_What needs to be done_:
Check the lines of the listing below for the word "about", and state only how many have it.

_Listed records_:
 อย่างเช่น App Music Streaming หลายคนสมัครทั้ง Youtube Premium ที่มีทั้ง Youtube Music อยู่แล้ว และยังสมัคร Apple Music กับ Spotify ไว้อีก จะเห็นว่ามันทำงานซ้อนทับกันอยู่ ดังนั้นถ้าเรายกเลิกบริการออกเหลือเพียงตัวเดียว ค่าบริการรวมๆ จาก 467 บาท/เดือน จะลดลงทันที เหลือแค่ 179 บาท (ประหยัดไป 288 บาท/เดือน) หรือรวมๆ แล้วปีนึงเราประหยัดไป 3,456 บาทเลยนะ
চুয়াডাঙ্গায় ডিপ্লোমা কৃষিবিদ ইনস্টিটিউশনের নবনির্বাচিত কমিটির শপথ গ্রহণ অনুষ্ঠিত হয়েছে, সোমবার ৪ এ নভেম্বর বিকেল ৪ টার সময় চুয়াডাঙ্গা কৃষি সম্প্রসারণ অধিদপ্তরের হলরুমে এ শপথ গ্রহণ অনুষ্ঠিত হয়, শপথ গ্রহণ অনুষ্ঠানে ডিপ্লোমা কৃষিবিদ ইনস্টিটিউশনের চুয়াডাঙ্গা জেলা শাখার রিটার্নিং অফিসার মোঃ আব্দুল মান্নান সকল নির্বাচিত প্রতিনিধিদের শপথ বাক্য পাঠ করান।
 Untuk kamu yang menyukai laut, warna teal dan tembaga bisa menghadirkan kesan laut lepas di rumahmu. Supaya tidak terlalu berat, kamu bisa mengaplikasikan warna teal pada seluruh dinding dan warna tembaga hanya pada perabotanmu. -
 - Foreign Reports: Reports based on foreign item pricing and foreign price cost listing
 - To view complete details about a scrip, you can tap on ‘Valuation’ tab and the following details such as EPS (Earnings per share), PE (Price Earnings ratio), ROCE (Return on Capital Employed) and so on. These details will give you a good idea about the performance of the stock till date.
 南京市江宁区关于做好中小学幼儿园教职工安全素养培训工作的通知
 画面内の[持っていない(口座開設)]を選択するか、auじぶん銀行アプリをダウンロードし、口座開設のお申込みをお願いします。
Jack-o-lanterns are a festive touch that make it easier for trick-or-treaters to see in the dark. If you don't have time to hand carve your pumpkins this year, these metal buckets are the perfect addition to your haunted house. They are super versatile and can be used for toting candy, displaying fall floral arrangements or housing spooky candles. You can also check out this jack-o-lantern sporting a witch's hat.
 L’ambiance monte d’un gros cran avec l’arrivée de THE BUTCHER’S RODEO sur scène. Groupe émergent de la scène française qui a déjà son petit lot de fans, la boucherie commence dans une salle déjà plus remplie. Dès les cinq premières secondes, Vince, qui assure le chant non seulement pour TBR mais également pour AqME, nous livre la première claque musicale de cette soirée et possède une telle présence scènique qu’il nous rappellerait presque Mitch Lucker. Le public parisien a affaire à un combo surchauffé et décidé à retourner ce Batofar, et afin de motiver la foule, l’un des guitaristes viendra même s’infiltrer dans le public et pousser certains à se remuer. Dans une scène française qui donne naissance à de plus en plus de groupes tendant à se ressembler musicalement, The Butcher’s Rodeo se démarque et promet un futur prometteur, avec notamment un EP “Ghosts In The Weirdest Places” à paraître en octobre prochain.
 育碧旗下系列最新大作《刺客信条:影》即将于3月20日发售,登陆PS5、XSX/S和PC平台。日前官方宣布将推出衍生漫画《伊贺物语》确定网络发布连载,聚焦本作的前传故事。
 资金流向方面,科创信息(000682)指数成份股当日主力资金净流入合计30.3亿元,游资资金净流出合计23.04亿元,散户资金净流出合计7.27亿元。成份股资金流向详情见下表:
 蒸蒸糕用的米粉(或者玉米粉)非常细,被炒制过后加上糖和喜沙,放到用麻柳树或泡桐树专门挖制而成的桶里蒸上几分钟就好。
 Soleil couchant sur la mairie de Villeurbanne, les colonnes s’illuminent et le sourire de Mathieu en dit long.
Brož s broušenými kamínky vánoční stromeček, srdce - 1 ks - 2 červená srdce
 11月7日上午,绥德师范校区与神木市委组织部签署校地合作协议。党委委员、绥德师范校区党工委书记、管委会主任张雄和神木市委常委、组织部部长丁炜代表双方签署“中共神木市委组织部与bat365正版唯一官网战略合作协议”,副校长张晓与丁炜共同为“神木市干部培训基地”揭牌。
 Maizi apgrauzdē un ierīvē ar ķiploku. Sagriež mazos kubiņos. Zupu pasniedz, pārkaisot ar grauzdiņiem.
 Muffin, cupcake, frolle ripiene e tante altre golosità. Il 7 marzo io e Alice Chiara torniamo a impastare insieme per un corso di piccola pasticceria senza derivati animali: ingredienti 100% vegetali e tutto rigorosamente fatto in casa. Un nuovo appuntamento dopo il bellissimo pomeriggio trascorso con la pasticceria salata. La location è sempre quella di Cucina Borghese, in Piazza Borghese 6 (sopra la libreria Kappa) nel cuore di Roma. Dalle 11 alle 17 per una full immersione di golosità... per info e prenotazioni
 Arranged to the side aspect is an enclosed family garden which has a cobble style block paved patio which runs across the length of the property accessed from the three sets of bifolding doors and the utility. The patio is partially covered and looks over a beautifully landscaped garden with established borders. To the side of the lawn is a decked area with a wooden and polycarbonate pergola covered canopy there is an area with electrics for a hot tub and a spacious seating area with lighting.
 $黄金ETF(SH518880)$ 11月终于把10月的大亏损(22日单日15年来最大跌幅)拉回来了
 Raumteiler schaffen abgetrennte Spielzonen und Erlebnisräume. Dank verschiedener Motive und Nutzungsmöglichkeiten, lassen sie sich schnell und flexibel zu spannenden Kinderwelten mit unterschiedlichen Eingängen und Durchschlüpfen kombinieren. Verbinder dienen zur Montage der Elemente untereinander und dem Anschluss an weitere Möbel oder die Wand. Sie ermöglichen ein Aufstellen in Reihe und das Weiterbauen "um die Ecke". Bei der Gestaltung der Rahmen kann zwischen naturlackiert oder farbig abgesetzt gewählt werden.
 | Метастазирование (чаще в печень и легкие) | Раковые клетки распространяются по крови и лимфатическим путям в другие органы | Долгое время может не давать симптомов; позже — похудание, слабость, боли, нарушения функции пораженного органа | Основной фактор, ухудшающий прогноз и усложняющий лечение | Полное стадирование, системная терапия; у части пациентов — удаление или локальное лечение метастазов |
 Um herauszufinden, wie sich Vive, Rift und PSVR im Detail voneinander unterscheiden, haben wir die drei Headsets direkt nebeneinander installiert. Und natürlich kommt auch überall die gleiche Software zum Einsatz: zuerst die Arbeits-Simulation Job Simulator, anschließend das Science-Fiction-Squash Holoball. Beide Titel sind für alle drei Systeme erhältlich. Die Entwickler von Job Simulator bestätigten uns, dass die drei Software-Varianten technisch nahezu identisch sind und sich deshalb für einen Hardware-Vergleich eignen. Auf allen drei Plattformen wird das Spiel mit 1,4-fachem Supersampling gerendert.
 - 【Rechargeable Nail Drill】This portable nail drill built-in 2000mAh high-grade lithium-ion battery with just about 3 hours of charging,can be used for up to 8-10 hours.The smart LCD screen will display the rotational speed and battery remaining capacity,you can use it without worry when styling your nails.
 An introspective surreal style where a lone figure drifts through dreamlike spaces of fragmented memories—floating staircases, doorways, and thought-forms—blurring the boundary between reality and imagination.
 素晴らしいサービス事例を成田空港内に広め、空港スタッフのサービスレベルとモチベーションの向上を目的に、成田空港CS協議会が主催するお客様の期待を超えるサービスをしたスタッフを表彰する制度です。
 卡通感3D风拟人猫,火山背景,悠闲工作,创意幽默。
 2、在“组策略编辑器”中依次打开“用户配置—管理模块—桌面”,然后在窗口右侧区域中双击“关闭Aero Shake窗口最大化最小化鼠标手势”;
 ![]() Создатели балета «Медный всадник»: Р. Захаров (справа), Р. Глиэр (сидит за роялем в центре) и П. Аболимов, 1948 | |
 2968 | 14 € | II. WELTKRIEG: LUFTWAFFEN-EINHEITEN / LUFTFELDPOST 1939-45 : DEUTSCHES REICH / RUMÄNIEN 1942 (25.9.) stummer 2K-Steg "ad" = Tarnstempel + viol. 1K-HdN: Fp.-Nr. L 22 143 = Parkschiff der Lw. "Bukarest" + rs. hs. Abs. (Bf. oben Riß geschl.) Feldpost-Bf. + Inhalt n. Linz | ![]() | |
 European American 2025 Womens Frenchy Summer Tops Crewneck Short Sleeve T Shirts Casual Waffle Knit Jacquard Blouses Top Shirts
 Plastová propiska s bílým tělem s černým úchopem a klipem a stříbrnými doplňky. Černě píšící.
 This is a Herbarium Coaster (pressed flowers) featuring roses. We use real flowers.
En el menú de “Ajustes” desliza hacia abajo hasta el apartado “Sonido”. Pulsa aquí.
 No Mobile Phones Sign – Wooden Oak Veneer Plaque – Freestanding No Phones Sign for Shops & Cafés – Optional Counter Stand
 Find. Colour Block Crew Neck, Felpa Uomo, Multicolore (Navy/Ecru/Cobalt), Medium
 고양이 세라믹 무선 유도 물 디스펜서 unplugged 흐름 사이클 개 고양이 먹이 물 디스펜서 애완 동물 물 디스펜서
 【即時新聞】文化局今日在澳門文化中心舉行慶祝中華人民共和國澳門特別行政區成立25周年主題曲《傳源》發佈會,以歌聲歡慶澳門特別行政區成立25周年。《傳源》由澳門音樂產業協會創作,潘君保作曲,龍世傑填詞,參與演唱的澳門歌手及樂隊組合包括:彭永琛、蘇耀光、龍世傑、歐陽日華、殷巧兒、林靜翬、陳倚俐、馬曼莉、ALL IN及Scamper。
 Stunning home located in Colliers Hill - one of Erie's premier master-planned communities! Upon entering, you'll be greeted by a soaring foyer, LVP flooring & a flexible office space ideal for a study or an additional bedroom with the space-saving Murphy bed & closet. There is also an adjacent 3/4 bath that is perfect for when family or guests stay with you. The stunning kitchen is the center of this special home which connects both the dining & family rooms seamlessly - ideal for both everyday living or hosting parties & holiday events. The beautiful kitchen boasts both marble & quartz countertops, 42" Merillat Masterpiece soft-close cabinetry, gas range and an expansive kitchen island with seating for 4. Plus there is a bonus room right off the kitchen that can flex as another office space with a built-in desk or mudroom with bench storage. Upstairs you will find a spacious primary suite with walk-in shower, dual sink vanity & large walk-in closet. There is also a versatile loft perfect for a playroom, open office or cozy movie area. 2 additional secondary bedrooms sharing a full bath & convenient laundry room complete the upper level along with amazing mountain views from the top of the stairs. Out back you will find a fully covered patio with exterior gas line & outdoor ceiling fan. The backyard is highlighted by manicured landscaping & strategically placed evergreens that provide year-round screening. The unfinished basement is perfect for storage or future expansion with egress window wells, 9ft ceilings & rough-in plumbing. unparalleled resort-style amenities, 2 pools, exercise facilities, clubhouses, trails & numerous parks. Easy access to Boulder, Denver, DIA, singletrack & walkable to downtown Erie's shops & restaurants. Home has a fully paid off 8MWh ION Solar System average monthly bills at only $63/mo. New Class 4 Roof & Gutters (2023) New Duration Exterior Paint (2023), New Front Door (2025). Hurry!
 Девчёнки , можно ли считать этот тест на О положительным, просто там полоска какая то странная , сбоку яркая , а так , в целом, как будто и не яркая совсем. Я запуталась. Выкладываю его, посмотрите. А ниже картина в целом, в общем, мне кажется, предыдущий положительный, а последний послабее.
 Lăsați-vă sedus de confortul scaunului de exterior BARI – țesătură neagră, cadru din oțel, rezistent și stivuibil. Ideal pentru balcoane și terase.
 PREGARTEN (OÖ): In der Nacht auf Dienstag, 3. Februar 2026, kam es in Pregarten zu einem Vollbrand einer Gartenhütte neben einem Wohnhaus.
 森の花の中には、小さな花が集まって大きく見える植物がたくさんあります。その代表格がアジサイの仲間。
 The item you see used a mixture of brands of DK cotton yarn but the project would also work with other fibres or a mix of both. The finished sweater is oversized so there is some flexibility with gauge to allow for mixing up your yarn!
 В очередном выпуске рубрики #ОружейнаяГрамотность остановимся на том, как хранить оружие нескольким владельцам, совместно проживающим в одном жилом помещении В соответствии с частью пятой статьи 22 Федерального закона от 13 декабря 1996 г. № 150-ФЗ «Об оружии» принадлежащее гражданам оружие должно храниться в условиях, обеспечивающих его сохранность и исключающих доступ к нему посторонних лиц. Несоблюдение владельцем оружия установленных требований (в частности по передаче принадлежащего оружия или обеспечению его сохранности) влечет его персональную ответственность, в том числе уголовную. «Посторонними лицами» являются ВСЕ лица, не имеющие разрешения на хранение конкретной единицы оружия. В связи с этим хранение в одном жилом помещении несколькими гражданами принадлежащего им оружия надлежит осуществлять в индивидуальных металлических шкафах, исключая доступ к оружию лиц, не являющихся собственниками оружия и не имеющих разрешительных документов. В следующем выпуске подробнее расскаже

_Answer section_:
2